Verdict: Claude landed some real hits. http4k took them, patched itself up, and walked out stronger.

Where the hits landed#

The genuinely happy news: none of the above touched http4k’s everyday request-handling path. The HTTP model, routing, lenses, server config, and the filters most apps actually wire in all came through the pass cleanly. The findings clustered in opt-in modules and older API choices - Digest auth, XML parsing, the gzip filter, client-side cookie storage - which is where you’d hope they’d land, but also exactly the kind of code that doesn’t get the day-one scrutiny the core does. The bit of http4k that most people touch every day is the bit we most wanted to come through cleanly. It did.

What you should do#

If you’re on http4k anywhere in the v6 line, simply upgrade to v6.50.0.0 or later. The fixes are spread across a wide variety of modules so a blanket dependency bump is the cleanest path. Check the round-by-round below to see which findings directly apply to your deployment. We’ve broken the APIs where we feel we needed to in order to make choices simpler.

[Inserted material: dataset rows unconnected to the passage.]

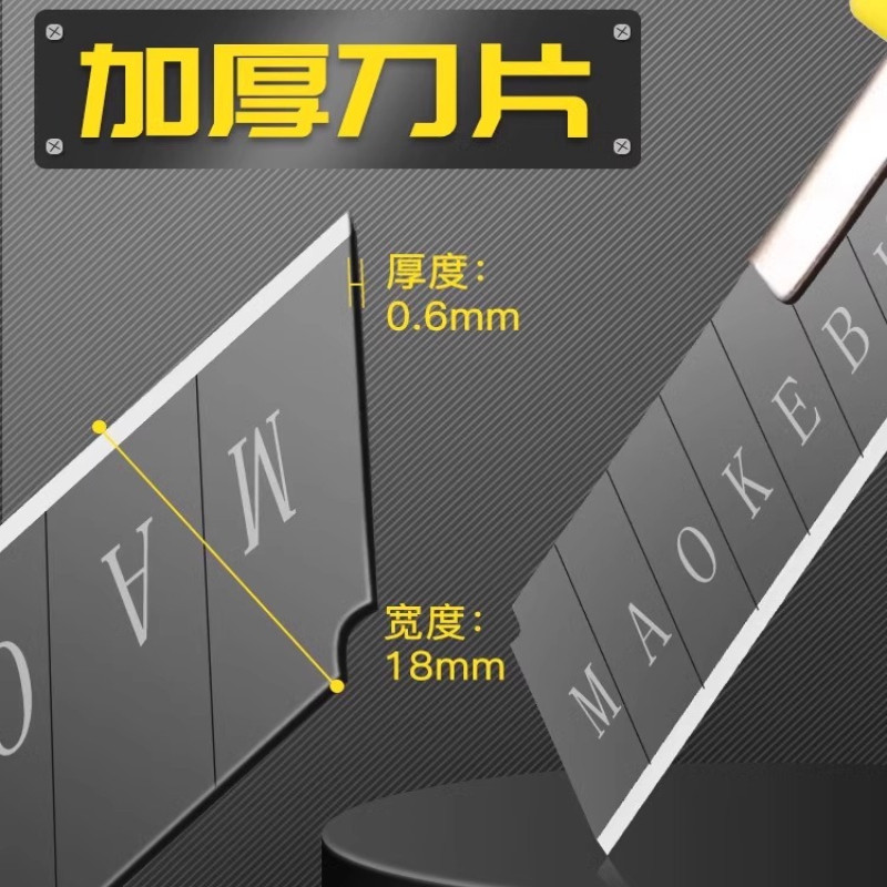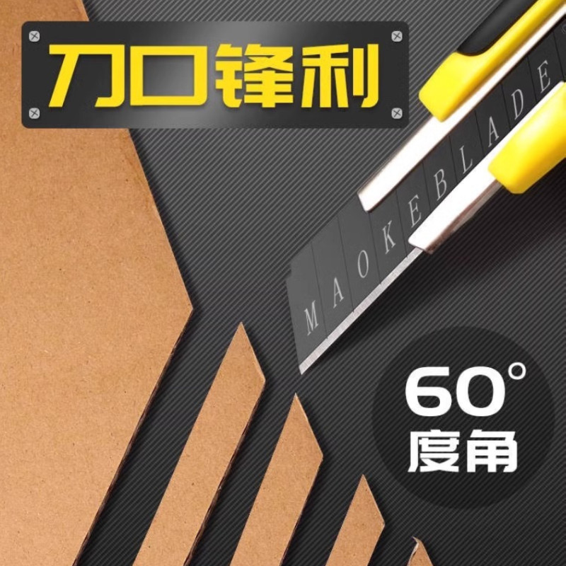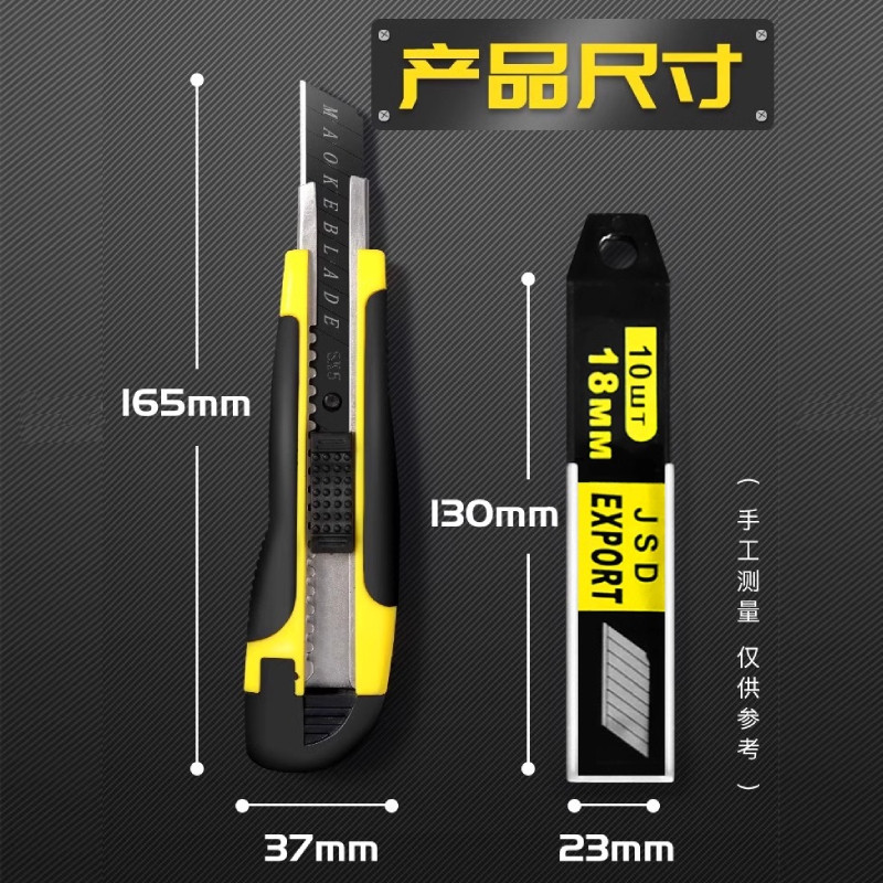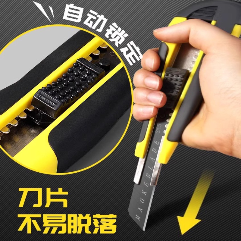 包胶美工刀黑刃刀片大号拆快递开箱神器裁纸用壁纸刀加厚高碳钢多功能拆切工具工业推锁设计不易脱落锋利刀刃
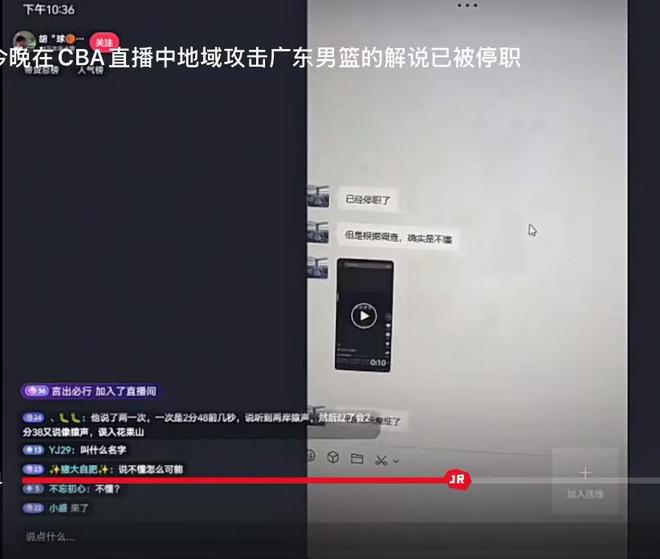 真相大白,CBA解说内涵广东球迷身份被扒,平台回应:已经停职了
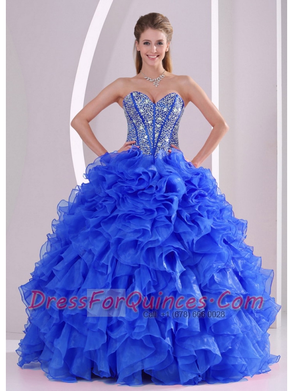 Elegant Royal Blue Sweetheart Ruffles and Beaded Decorate Quinceanera Dresses On Sale
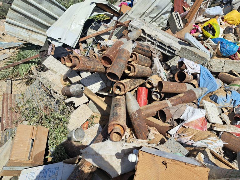 During the Kfir Brigade’s activities in Khan Yunis to locate and dismantle terrorist infrastructure, the troops located over 100 rocket components and military equipment stored in a weapons storage facility in the area. The troops dismantled the weapons storage facility along with the rocket components stored inside it.
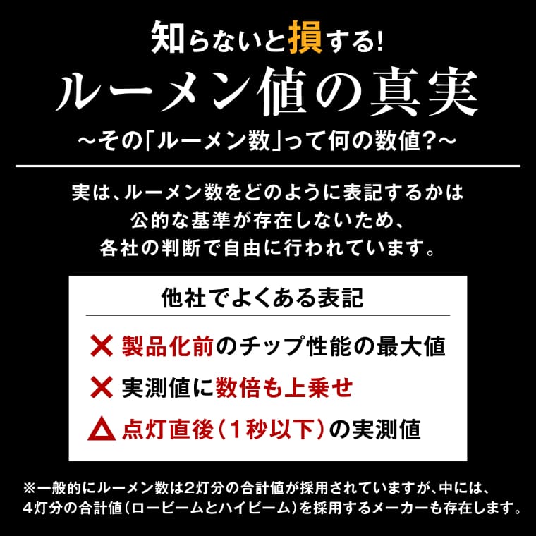 | ・12V車/輸入車への装着はできません。 ・交換後は必ず光軸調整を行ってください。ライトを交換される際は、光軸が適切な高さになるよう調整を行う必要がございます。 ・ 直流車専用設計です。交流車は使用できません。 ・付属の予備防水ゴムについて 本製品は防水性向上のため防水ゴムを装着済みですが、まれに固定後に切れてしまうことがあります。 その際は付属の予備ゴムに交換してください。 ※購入時期によっては付属しない場合があります。 |

Still on v5 or v4? LTS backports of these fixes are available as part of the http4k Enterprise Edition - get in touch if you need security patches without taking the v6 jump.

Round-by-round#

CVE-2026-53659 - gzip decompression bomb. Our gzip request-decoding filter had no size cap; a few KB of crafted input could decompress to gigabytes and take the server down. Unpatched for ~9 years. v6.49.0.0 caps at 10MB by default.

CVE-2026-54148 - Digest auth: request URI not bound. Digest auth verification didn’t check the client’s claimed URI against the actual request URL - so a captured response could be replayed against any other URL in the same realm, breaking the per-URL binding the scheme is supposed to enforce. Present since we introduced Digest auth in 2021. Fixed in v6.50.0.0.

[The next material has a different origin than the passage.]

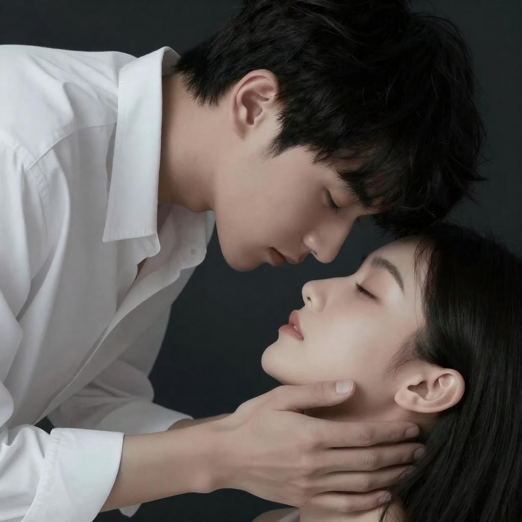 Photograph of a shirtless man with curly black hair and a woman with dark hair, face-to-face, eyes closed. Man's hands grip woman's face. Soft, warm lighting. Intimate, tender moment. Two people. Man's expression intense, focused. Woman's expression calm, receptive.
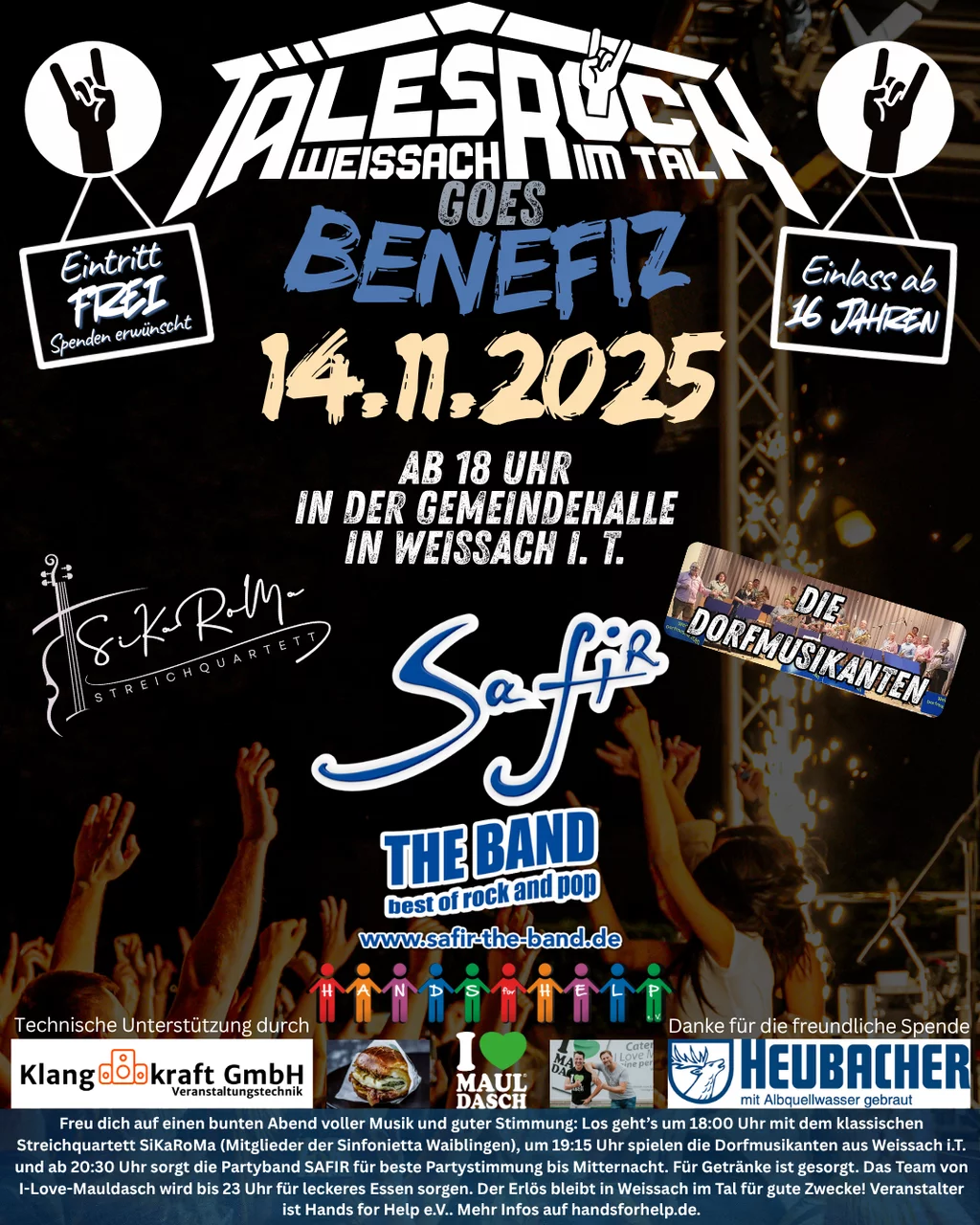 Kommt vorbei, genießt großartige Musik und unterstützt dabei Menschen aus unserer Region – gemeinsam helfen wir vor Ort!

CVE-2026-54147 - Digest auth: algorithm ignored. Digest auth verification silently used MD5 regardless of which algorithm was actually configured - so deployments believing they were running SHA-256 were quietly inheriting MD5’s collision weaknesses. Same vintage as the URI bug, fixed in the same release.

CVE-2024-55875 follow-up - Residual XXE class fixed. The Dec 2024 fix closed external-entity attacks but left DOCTYPE acceptance and billion-laughs DoS in place. v6.50.0.0 closes the residual; the existing advisory is updated.

The wider hardening#

The same pass produced a long tail of smaller tightenings - DoS body and multipart caps, secret redaction across Secrets and OpenTelemetry, end-to-end OAuth hardening (PKCE, nonce, open-redirect), RFC 6265 cookie scoping, tighter reverse-proxy host matching, and a handful of crypto / API renames for clarity. Details across v6.48.0.0, v6.49.0.0 and v6.50.0.0 in the changelog.

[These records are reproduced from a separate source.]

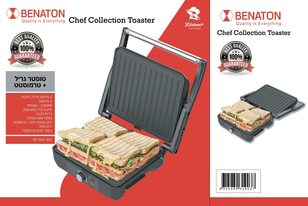 טוסטר גריל ענק 4 פרוסות עוצמתי במיוחד 2200W – מבית BT-903 BENATON
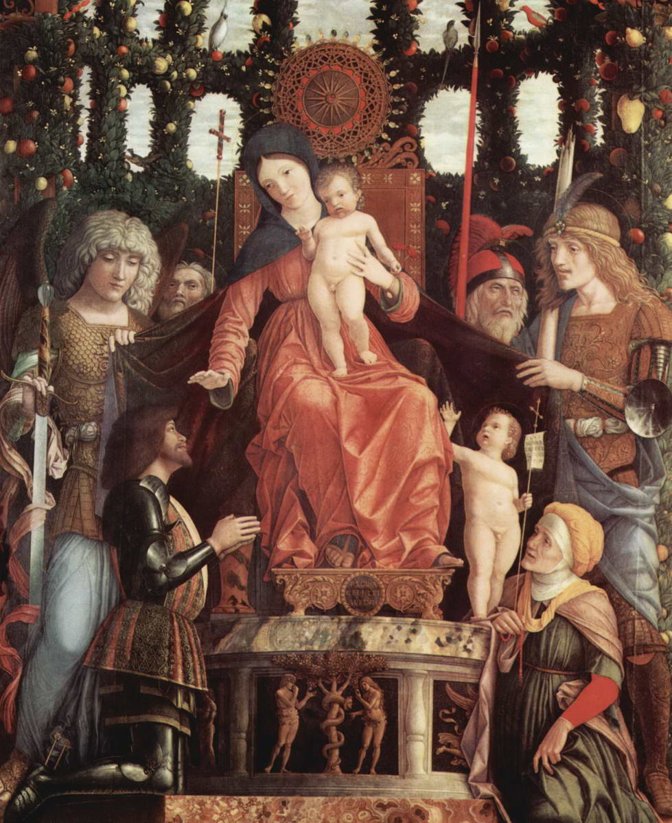 Вот, например, Мадонна делла Витториа, благословляющая герцога Франческо Гонзага. Для определенного уровня развития в этом и правда ничего особого не было. Но потом, где-то со времен Лютера, над этим уже стали посмеиваться.
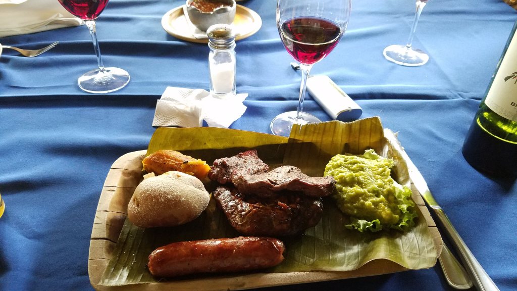 El Pórtico se encuentra a mitad de camino entre Bogotá y Zipaquirá, razón por la cual servía de punto perfecto para nuestra parada de almuerzo. La arquitectura es una colonial, detalle importante como verán un poco más tarde. Tiene muy buen ambiente, ayudado no solo por la arquitectura sino por los bellos alrededores. Es un lugar tranquilo (al menos a la hora que fuimos) y la comida deliciosa. No soy un «foodie» ni nada que se le parezca, pero la comida se merecía la consabida foto Instagrameable.
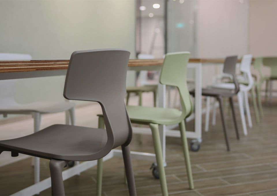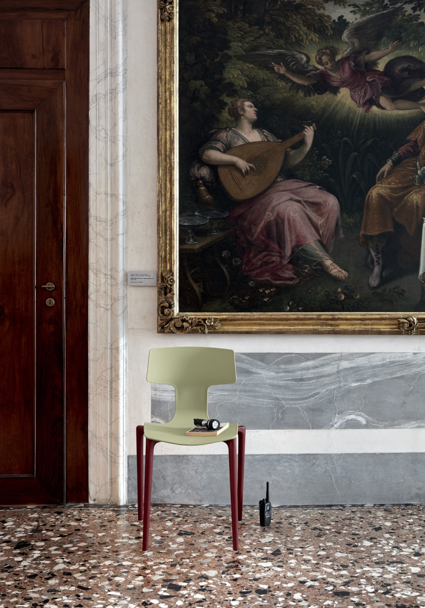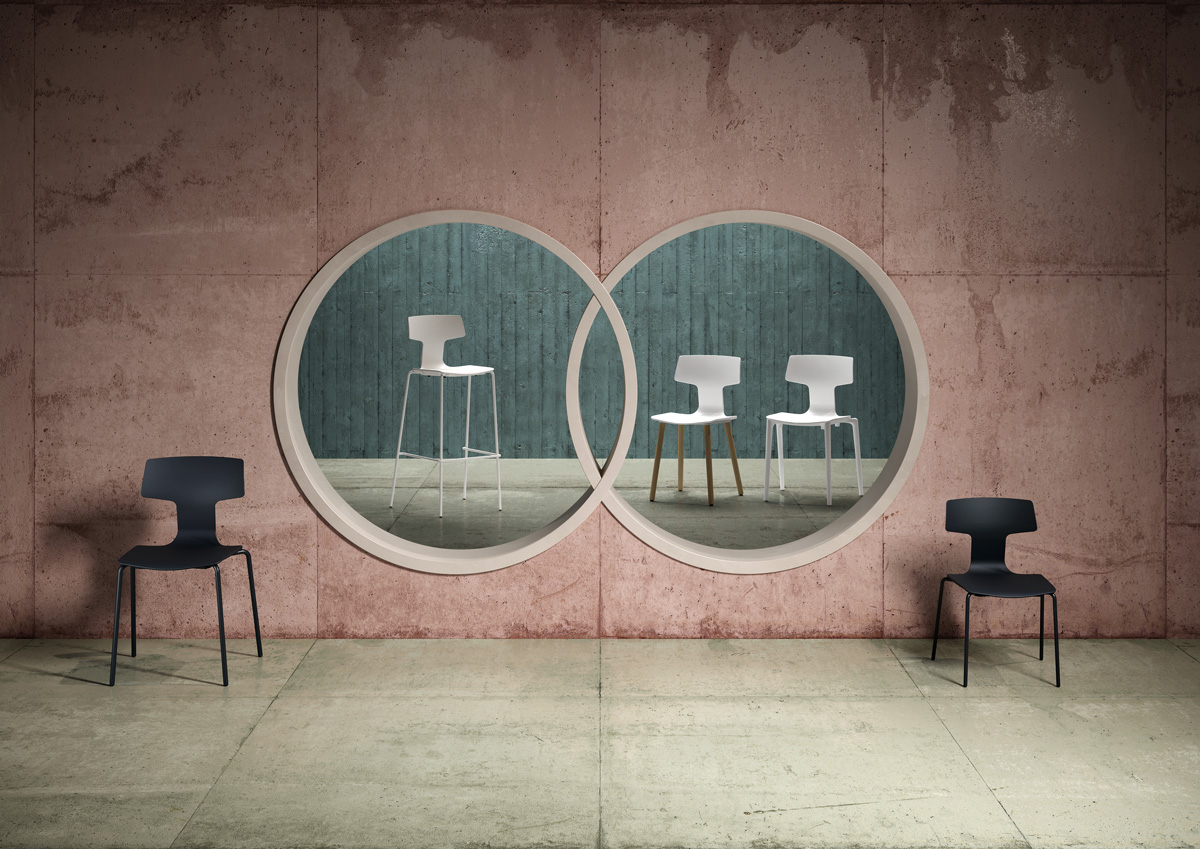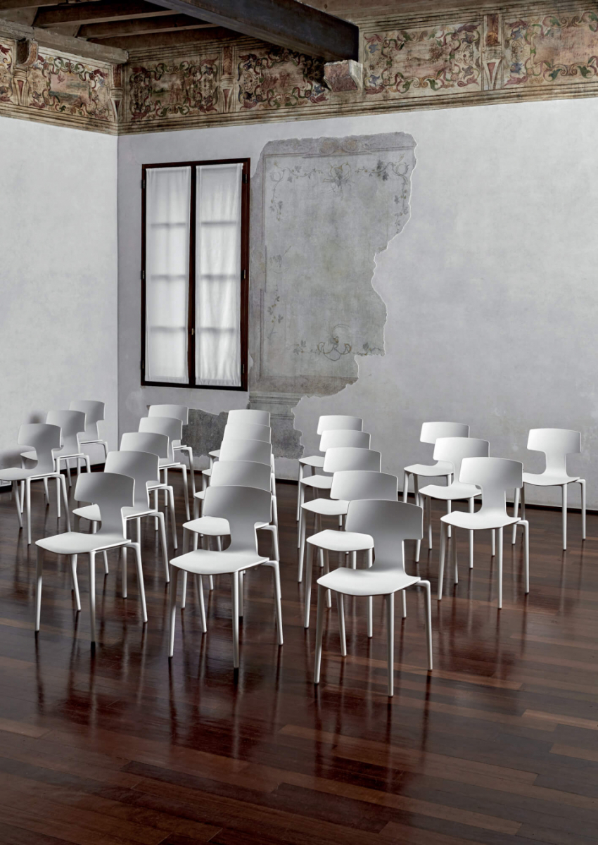 Благодаря минималистичному дизайну спинки, перетекающей в сиденье, стулья Split изящны и элегантны. Коллекция сидений Split, разработанная Франческо Меда, включает в себя несколько версий, различающихся по размеру и материалу, используемому для рамы, которая может быть выполнена из пластика, дерева или металла.

Why we could even do this#

None of the above is normal. The default for a JVM web app is a dependency tree with hundreds of transitive libraries, most of them you’ve never opened, several of them you couldn’t read inside a working week. When something like the gzip bomb sits in that tree, the only signal you get is the CVE filing - months or years after the bytes arrived in your build.

http4k is a different shape on purpose. 200+ modules in the ecosystem, but each one is aggressively small, and the dependency surface is deliberately minimal. That’s been the http4k bet since day one. Every finding above lived in our code, on our trust boundaries - not buried three Jars deep in something we couldn’t even see.

That’s a big part of why any of this was findable. Less surface area to defend, less foreign code to trust, fewer places for a nine-year-old gzip bug to hide. We’ve been making the minimal-deps argument for years on ergonomic grounds. This audit is the version where the argument is about whether you can sleep at night.

What this looked like in practice#

Here’s what the workflow actually looked like.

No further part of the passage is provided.